● What is expected: Practice item. Set the material below down again exactly, with no pictures.

● Source material:
==========

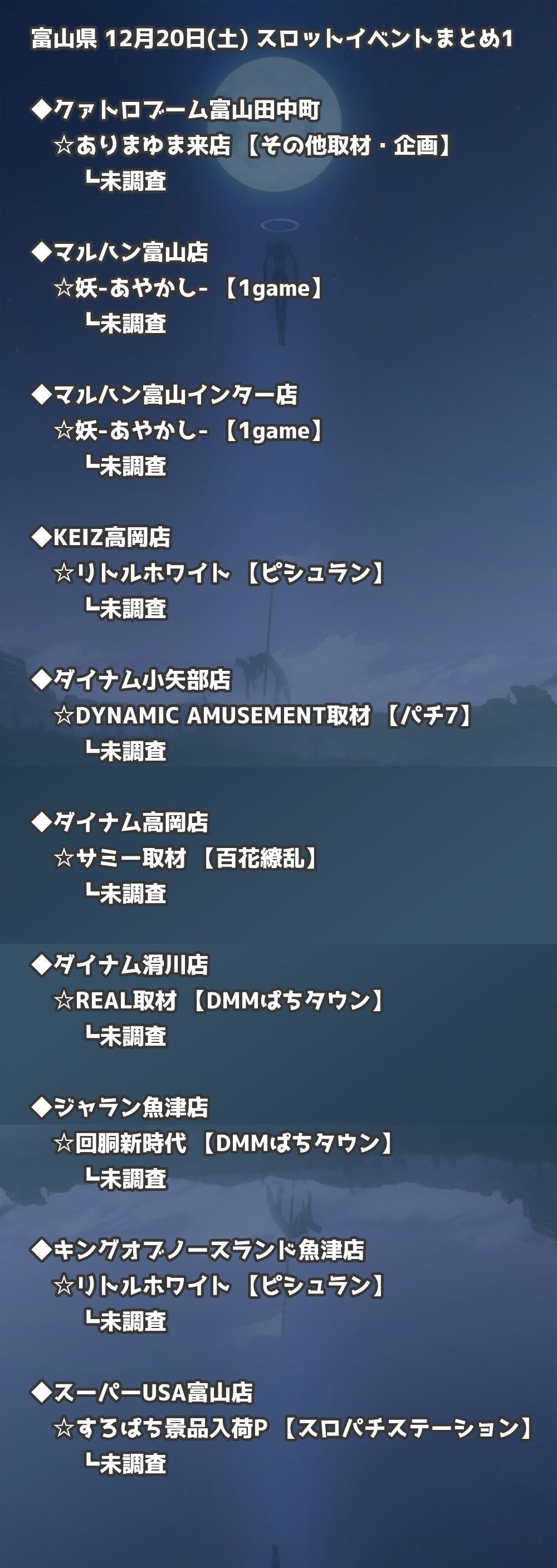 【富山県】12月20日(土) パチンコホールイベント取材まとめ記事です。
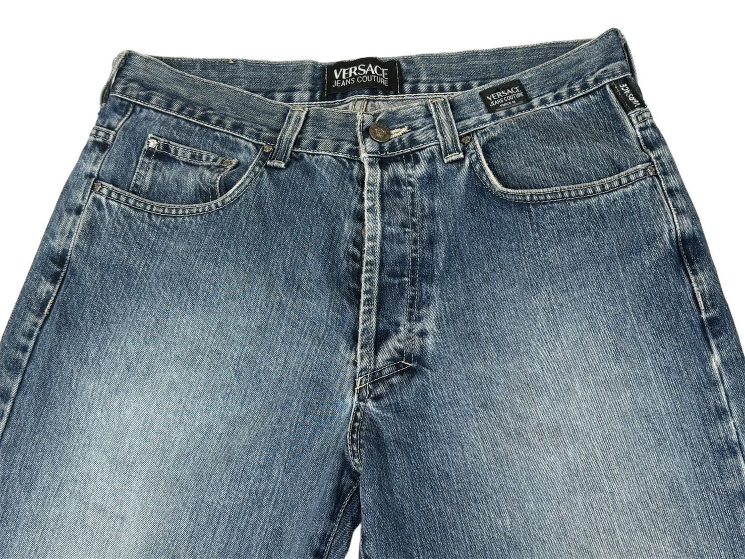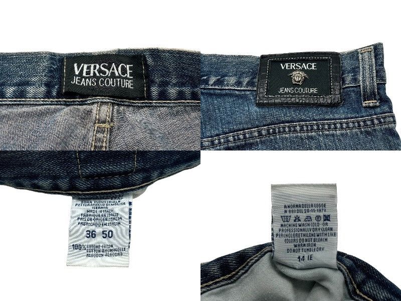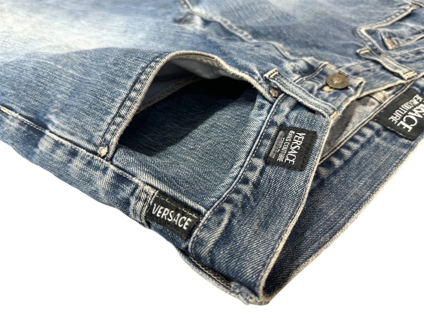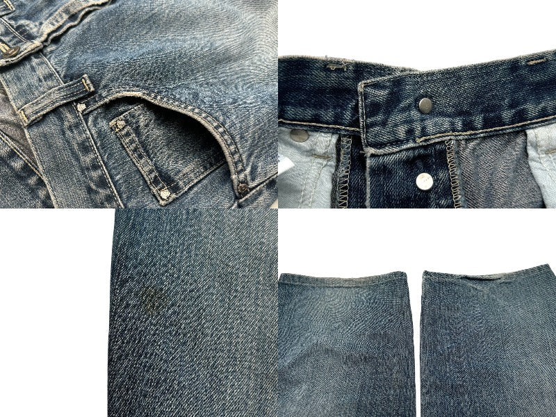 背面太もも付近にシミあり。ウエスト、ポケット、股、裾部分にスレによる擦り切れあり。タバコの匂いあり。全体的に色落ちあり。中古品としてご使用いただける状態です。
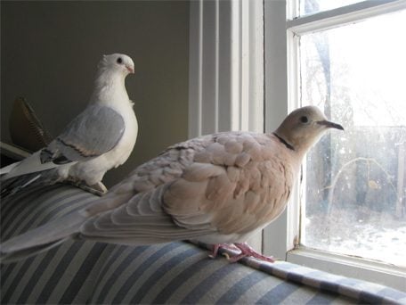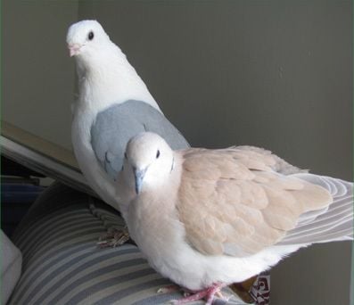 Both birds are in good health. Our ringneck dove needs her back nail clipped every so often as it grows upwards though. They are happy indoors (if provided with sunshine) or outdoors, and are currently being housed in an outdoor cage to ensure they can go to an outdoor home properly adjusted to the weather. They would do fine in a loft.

==========

● Solution for this problem:
 【富山県】12月20日(土) パチンコホールイベント取材まとめ記事です。
 背面太もも付近にシミあり。ウエスト、ポケット、股、裾部分にスレによる擦り切れあり。タバコの匂いあり。全体的に色落ちあり。中古品としてご使用いただける状態です。
 Both birds are in good health. Our ringneck dove needs her back nail clipped every so often as it grows upwards though. They are happy indoors (if provided with sunshine) or outdoors, and are currently being housed in an outdoor cage to ensure they can go to an outdoor home properly adjusted to the weather. They would do fine in a loft.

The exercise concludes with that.